* WHAT TO WORK ON
Pictures in the data should be dropped; transcribe exactly the lines from the one that has "Таблица выплат Captain Shockwave" through the one that has "We disembarked, and".

* DATA RECORDS
——————————
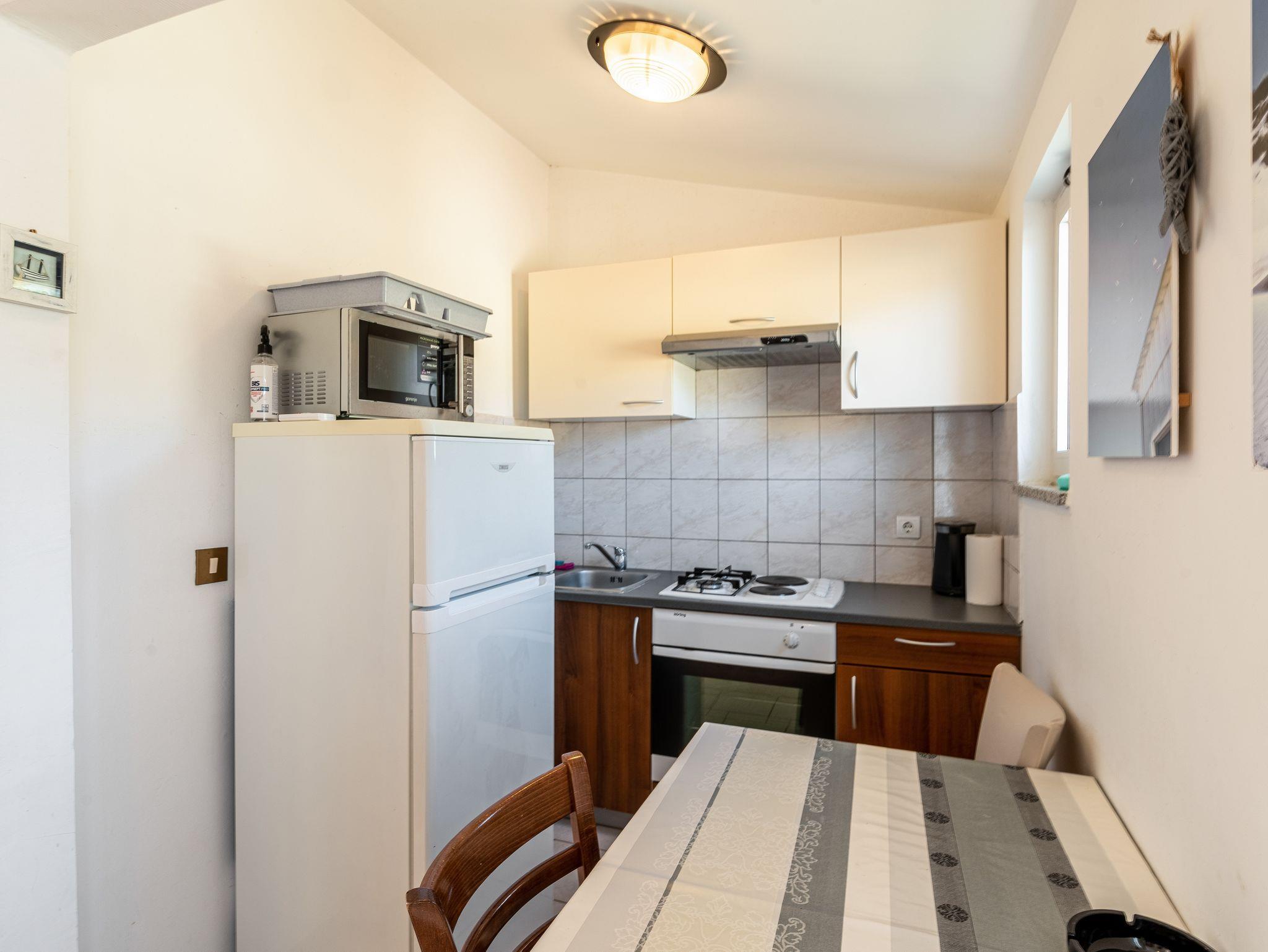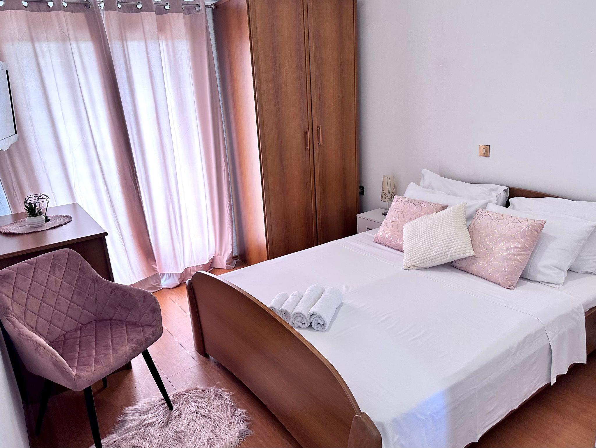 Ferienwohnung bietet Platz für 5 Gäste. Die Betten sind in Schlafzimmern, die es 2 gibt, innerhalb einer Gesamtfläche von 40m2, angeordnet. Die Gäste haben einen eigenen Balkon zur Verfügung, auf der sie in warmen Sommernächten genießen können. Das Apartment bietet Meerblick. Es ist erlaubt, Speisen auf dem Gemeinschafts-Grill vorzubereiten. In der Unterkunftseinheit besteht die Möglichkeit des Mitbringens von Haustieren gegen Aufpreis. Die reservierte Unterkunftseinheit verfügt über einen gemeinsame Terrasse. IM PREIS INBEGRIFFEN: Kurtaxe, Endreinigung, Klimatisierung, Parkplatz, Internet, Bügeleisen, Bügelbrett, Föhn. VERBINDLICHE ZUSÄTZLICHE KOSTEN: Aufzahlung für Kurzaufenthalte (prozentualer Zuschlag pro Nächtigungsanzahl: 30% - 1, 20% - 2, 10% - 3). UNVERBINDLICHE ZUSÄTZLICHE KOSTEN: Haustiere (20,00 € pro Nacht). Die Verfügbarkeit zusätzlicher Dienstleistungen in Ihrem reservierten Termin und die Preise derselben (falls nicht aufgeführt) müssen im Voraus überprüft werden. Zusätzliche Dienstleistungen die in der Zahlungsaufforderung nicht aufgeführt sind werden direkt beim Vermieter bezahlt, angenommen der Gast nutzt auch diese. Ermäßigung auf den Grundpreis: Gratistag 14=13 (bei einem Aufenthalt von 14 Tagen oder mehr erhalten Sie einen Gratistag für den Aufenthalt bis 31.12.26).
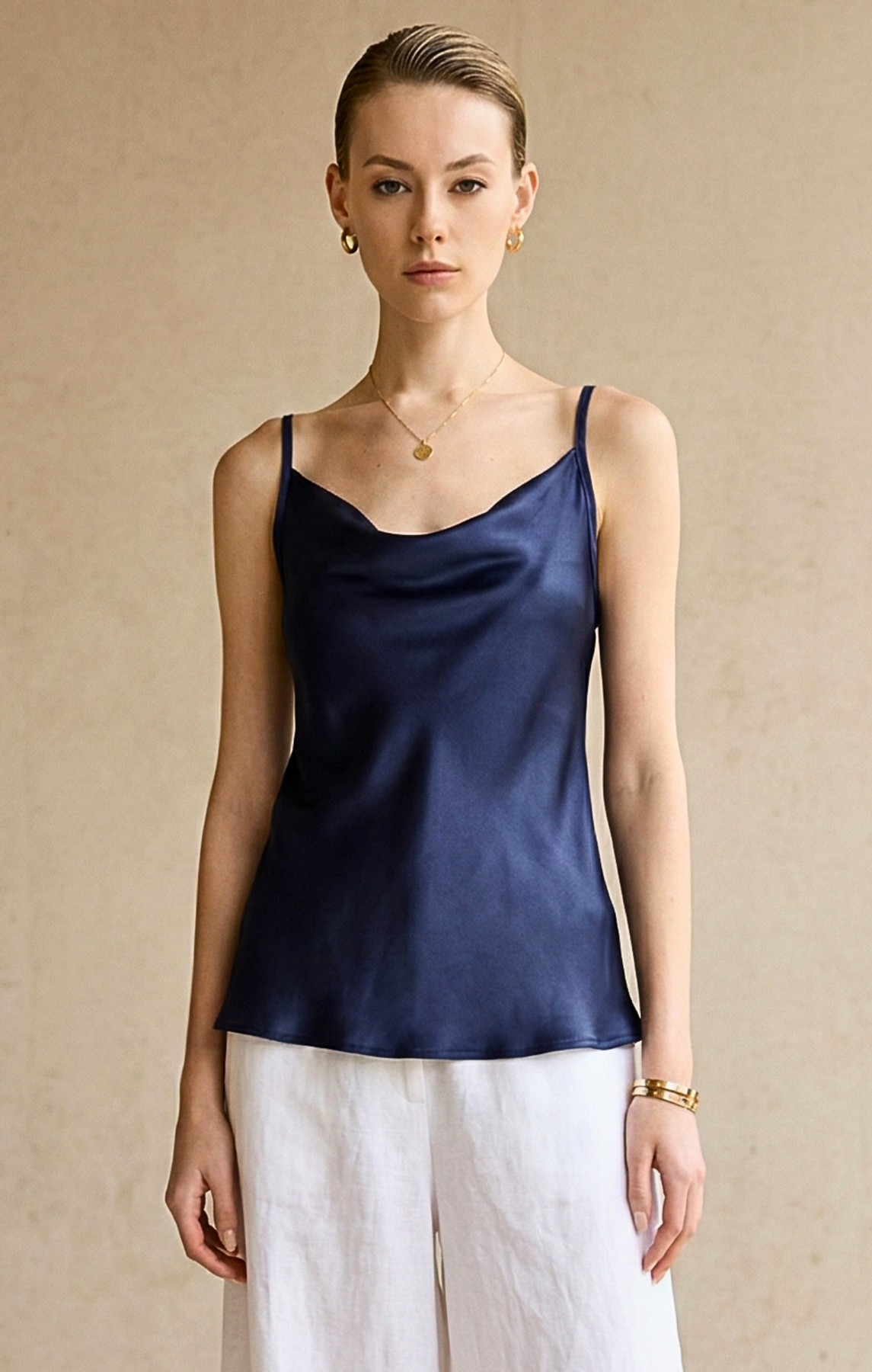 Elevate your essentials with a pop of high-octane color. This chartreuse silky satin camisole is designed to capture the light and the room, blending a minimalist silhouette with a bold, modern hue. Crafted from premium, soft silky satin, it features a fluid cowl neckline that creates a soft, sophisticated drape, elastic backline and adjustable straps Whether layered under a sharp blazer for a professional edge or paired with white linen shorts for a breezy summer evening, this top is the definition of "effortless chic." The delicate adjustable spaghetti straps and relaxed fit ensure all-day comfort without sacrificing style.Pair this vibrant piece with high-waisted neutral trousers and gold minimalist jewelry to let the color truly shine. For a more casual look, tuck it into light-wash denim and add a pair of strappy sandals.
——————————
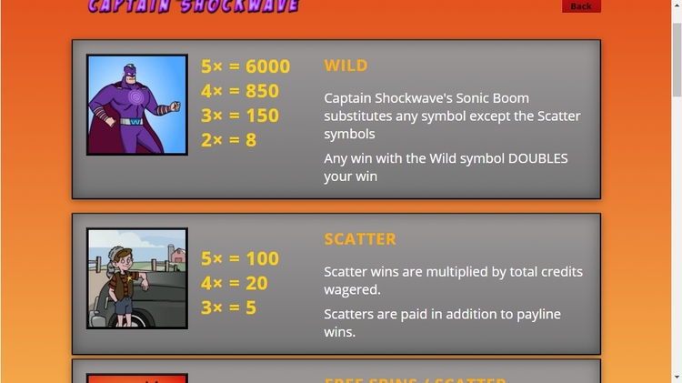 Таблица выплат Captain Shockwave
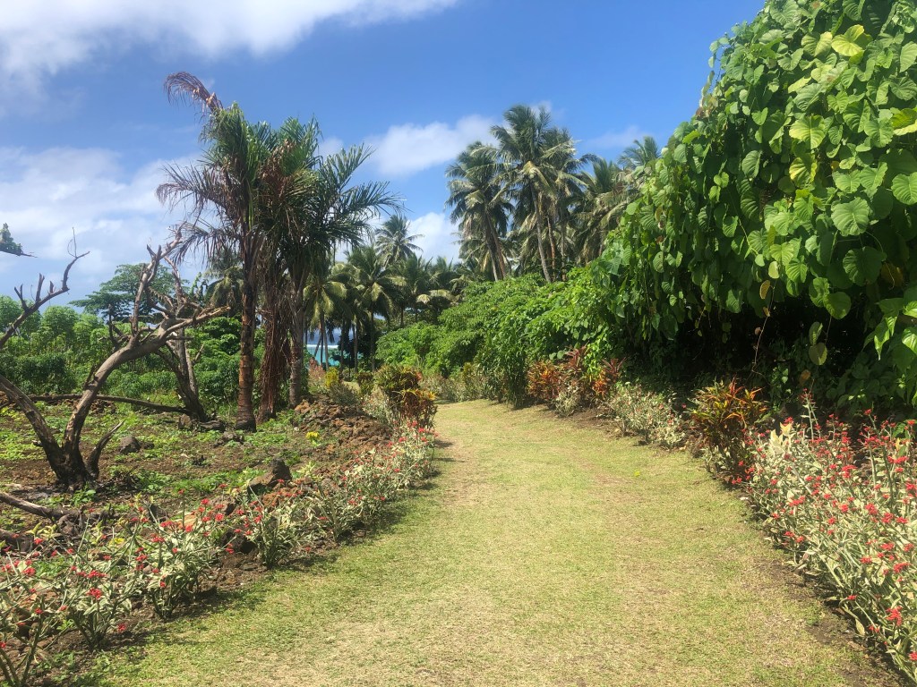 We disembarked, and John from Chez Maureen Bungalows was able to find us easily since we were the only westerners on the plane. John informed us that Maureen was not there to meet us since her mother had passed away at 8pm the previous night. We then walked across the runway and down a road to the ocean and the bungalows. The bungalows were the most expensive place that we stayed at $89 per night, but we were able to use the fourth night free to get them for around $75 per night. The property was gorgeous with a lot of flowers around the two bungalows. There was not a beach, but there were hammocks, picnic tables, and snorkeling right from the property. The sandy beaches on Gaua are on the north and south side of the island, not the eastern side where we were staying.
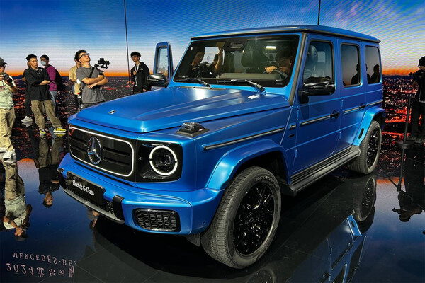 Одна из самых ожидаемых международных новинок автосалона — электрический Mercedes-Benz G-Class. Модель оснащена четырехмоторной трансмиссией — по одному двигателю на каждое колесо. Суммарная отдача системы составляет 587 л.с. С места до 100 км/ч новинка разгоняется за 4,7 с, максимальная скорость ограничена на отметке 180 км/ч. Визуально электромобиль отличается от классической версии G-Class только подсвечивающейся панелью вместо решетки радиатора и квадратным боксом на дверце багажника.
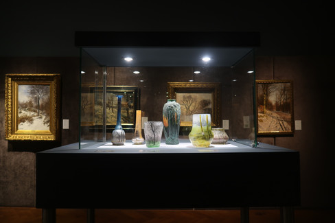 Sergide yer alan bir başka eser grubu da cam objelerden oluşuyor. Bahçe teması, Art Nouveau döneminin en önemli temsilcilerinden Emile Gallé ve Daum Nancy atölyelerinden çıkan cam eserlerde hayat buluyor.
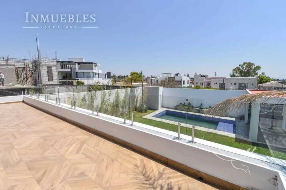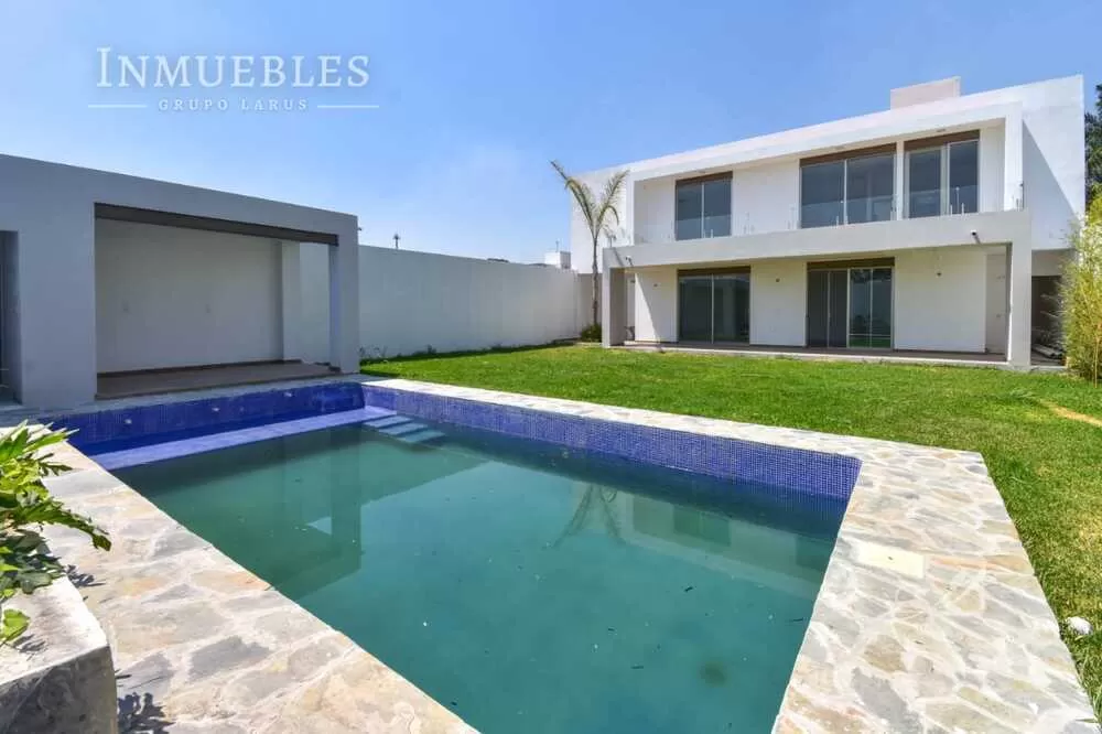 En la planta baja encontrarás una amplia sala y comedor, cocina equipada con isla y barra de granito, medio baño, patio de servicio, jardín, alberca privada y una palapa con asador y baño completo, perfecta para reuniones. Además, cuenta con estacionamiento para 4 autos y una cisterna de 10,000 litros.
——————————
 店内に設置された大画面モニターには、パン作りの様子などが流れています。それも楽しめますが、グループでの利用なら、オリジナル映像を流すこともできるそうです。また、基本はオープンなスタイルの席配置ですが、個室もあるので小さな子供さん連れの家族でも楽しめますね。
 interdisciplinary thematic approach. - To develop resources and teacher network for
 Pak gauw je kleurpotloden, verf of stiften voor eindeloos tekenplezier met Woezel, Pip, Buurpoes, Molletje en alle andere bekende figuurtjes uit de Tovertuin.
——————————
* RESPONSE AREA
 Таблица выплат Captain Shockwave
 We disembarked, and John from Chez Maureen Bungalows was able to find us easily since we were the only westerners on the plane. John informed us that Maureen was not there to meet us since her mother had passed away at 8pm the previous night. We then walked across the runway and down a road to the ocean and the bungalows. The bungalows were the most expensive place that we stayed at $89 per night, but we were able to use the fourth night free to get them for around $75 per night. The property was gorgeous with a lot of flowers around the two bungalows. There was not a beach, but there were hammocks, picnic tables, and snorkeling right from the property. The sandy beaches on Gaua are on the north and south side of the island, not the eastern side where we were staying.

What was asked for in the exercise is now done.